------ Source data

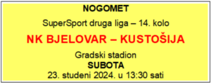Iako do kraja jesenskog dijela prvenstva imaju za odigrati još samo dva prvenstvena kola koja će oba odigrati na Gradskom stadionu, s Kustošijom u subotu u 13.30 i u nedjelju 1. prosinca u zadnjem kolu s Mladosti iz Ždralova u kojem će Mladost pred TV kamerama biti domaćin na Gradskom stadionu, nogometašima NK Bjelovara osim što se smiješi osvajanje jesenskog naslova prvaka SuperSport druge NL, što bi bio ogroman klupski uspjeh i najava bijega u prvoligaško društvo, nogometaši NK Bjelovara već sad se mogu hvaliti i govoriti kako su napravili najveći uspjeh u bogatoj klupskoj povijesti.
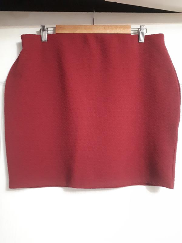 В идеальном состоянии. Но, наверное, лучше сядет на 18 размер. Цвет бордовый, не такой как на фото. Пояс 45 Стегна 56 см Длина 45 см При покупке от двух вещей цены договорные.
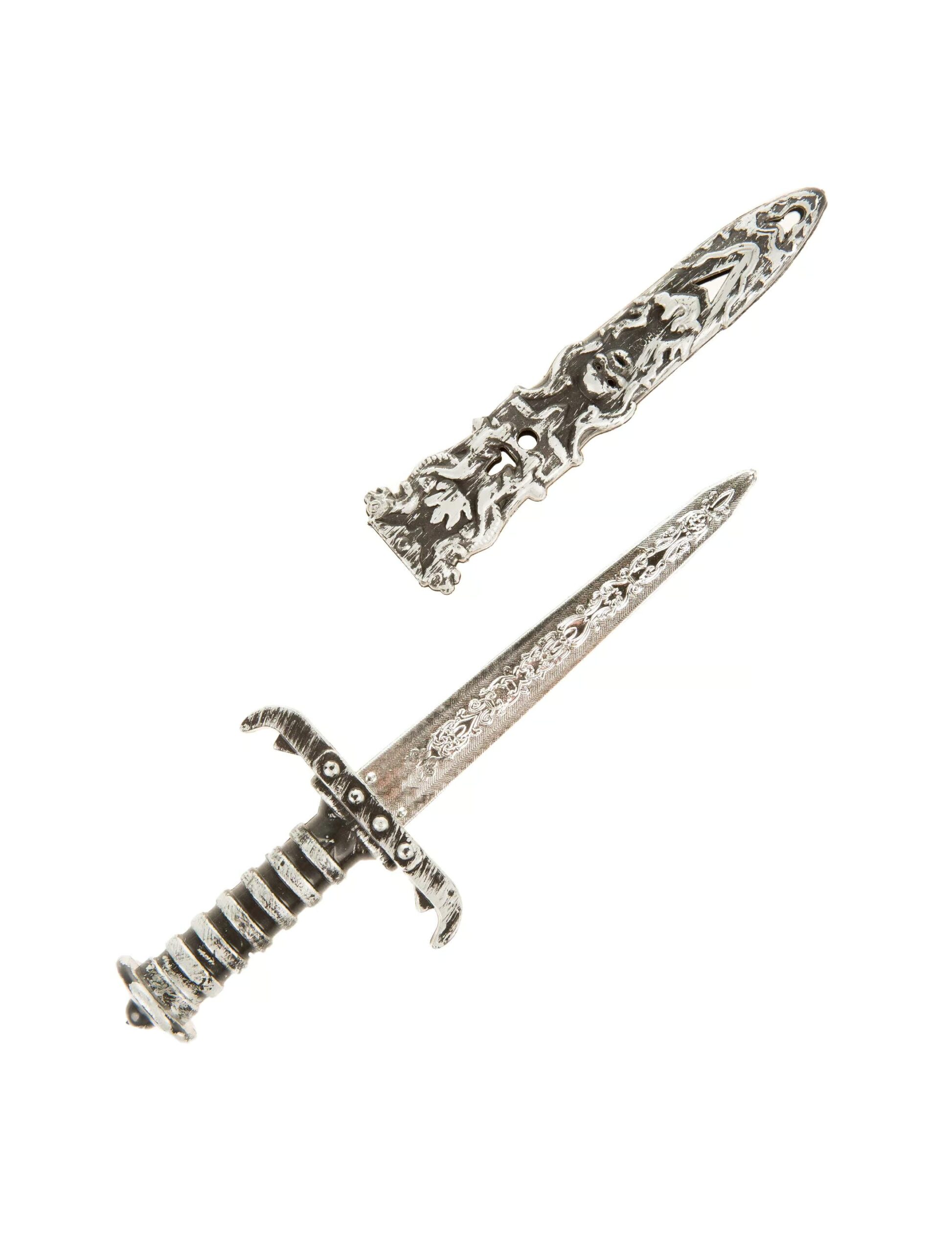 Jeder Kostüm-Pirat weiß um die Bedeutung einer guten Waffe, mit der er gelungene Angriffe starten oder sich im Notfall verteidigen kann. Und wer nicht nur auf den praktischen Nutzen achtet, sondern außerdem auch Wert auf Design legt, für den ist der kleine Dolch mit Scheide vortrefflich geeignet! Die aufwendigen Verzierungen am Griff und an der Klinge heben die Waffe vom normalen Ausrüstungsteil ab und machen es zu einem echten Schmuckstück. Der 24,5 cm lange Dolch mit Scheide ist dabei alles andere als dezent.
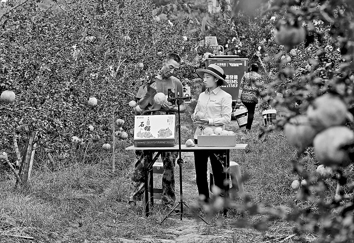 9月18日,在云南省永胜县三川镇,永胜县邮政分公司的工作人员正在进行直播带货,帮助果农售卖刚刚采摘的石榴。永胜所产的软籽石榴是国家地理标志产品,预计 2025年总产值将突破7亿元。

------------

Give the material above again exactly as it stands, minus any images.

Task response
Iako do kraja jesenskog dijela prvenstva imaju za odigrati još samo dva prvenstvena kola koja će oba odigrati na Gradskom stadionu, s Kustošijom u subotu u 13.30 i u nedjelju 1. prosinca u zadnjem kolu s Mladosti iz Ždralova u kojem će Mladost pred TV kamerama biti domaćin na Gradskom stadionu, nogometašima NK Bjelovara osim što se smiješi osvajanje jesenskog naslova prvaka SuperSport druge NL, što bi bio ogroman klupski uspjeh i najava bijega u prvoligaško društvo, nogometaši NK Bjelovara već sad se mogu hvaliti i govoriti kako su napravili najveći uspjeh u bogatoj klupskoj povijesti.
 В идеальном состоянии. Но, наверное, лучше сядет на 18 размер. Цвет бордовый, не такой как на фото. Пояс 45 Стегна 56 см Длина 45 см При покупке от двух вещей цены договорные.
 Jeder Kostüm-Pirat weiß um die Bedeutung einer guten Waffe, mit der er gelungene Angriffe starten oder sich im Notfall verteidigen kann. Und wer nicht nur auf den praktischen Nutzen achtet, sondern außerdem auch Wert auf Design legt, für den ist der kleine Dolch mit Scheide vortrefflich geeignet! Die aufwendigen Verzierungen am Griff und an der Klinge heben die Waffe vom normalen Ausrüstungsteil ab und machen es zu einem echten Schmuckstück. Der 24,5 cm lange Dolch mit Scheide ist dabei alles andere als dezent.
 9月18日,在云南省永胜县三川镇,永胜县邮政分公司的工作人员正在进行直播带货,帮助果农售卖刚刚采摘的石榴。永胜所产的软籽石榴是国家地理标志产品,预计 2025年总产值将突破7亿元。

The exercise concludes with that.